> [Data]:

=== Begin Enclosure ===

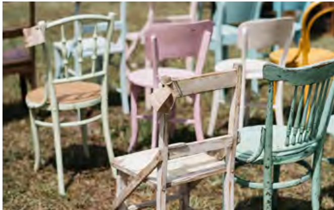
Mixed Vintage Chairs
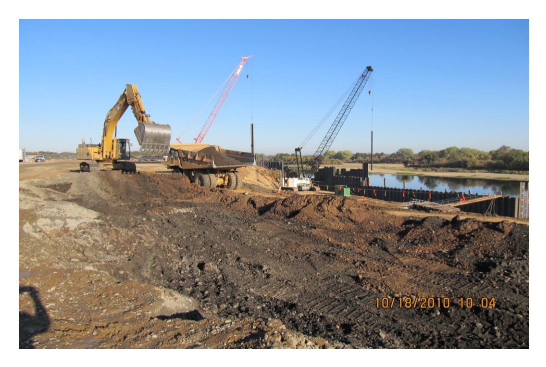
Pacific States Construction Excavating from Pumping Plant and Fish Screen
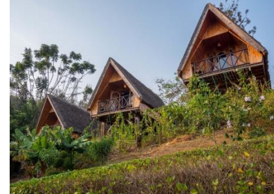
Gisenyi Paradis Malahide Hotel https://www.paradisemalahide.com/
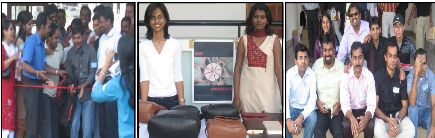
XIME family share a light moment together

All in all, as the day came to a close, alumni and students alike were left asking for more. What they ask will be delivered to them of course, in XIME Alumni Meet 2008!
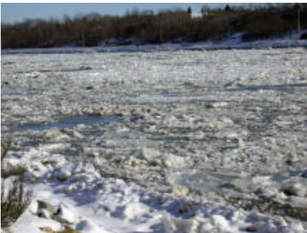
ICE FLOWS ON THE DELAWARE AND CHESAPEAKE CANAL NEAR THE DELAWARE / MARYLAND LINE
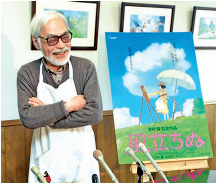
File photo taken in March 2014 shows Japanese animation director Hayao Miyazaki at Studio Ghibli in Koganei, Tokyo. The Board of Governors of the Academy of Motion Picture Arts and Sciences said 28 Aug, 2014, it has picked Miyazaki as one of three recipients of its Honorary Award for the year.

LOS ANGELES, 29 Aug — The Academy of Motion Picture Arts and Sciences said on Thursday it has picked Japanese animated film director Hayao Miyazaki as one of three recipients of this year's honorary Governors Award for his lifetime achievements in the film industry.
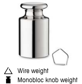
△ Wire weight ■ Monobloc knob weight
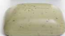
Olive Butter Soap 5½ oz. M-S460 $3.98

=== End Enclosure ===
=== Begin Enclosure ===

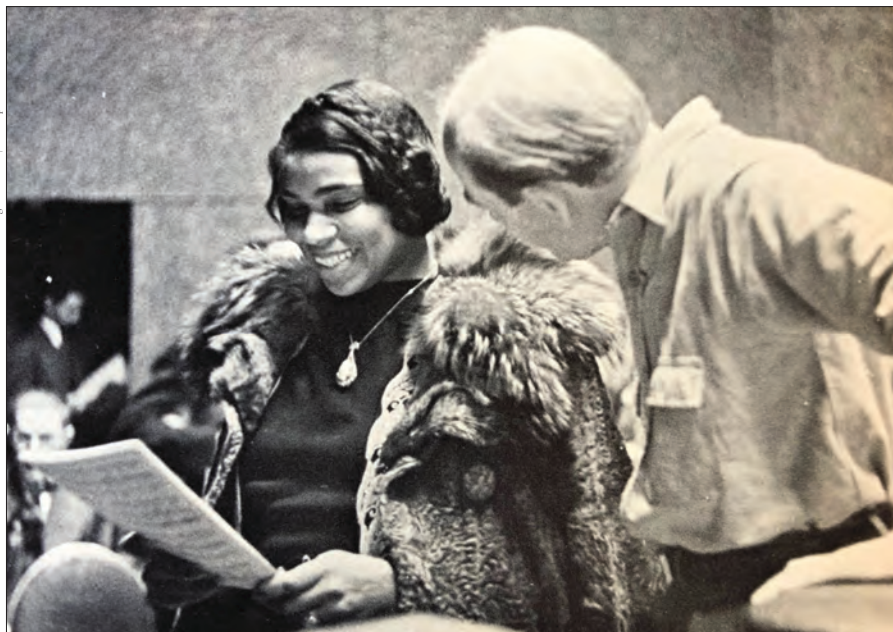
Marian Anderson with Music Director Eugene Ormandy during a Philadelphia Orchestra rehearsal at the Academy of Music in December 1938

=== End Enclosure ===

> [What to produce]:
From the entries, report each line that includes the word "XIME".

> [Solution]:
XIME family share a light moment together
All in all, as the day came to a close, alumni and students alike were left asking for more. What they ask will be delivered to them of course, in XIME Alumni Meet 2008!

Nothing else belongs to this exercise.